3.4 Comparison Between Different Weed Management Techniques

  • Digital image analysis (DIA)

    Advantage: It provides an accuracy rate of more than 85%.

    Disadvantage: It is time-consuming.

  • Support vector machine (SVM)

    Advantage: It detects stress in the crops in a concise time.

    Disadvantage: Only low levels of nitrogen are detected.

  • Learning vector quantization (LVQ)

    Advantage: It provides a high weed detection rate.

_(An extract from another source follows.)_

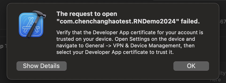 表示调试程序不被iPhone信任,需要进入iPhone设置依次进入“通用->VPN与设备管理->选择当前开发者APP->点击信任”,现在程序应该就可以运行到iPhone上了,摇晃iPhone点击Open DevTools可以在电脑端打开调试工具。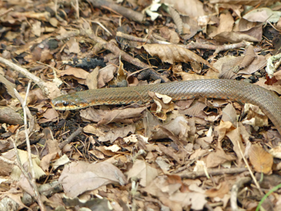 ![]() ヒバカリが居ました。丹沢で見たものと同じく、温和しい印象でした。 |

    Disadvantage: It is quite expensive.

4 Conclusion

Artificial intelligence arrangements need to turn out to be progressively suitable to guarantee that this innovation arrives at the cultivating network. On the off chance that the AI intellectual arrangements are offered on an open-source platform that would make the arrangements progressively moderate, which in the long run will bring about the quicker selection and more prominent knowledge among the farmers. AI presents massive open doors in agricultural applications. Farming arrangements that are AI-fueled empower a farmer to accomplish more with less, upgrading the quality of the crops. In this chapter, the emphasis is on more brilliant, better, and progressively productive yield, developing strategies to fulfill the country’s developing food requirements. Worldwide, the population is relied upon arriving at more than eight billion by 2045, which will require an expansion in rural creation by 70% to satisfy the interest. Just about 10% of this expanded creation may originate from unused lands, and the rest ought to be satisfied by current crop production. In this specific circumstance, most recent farming techniques can bring a huge change in agricultural practices. This chapter thought about every one of these viewpoints. It featured the job of different innovations, particularly IoT, to make agriculture more brilliant and progressively effective to meet future desires. For this reason, remote sensors, unmanned aerial vehicles (UAVs), distributed computing, correspondence advancements were discussed altogether.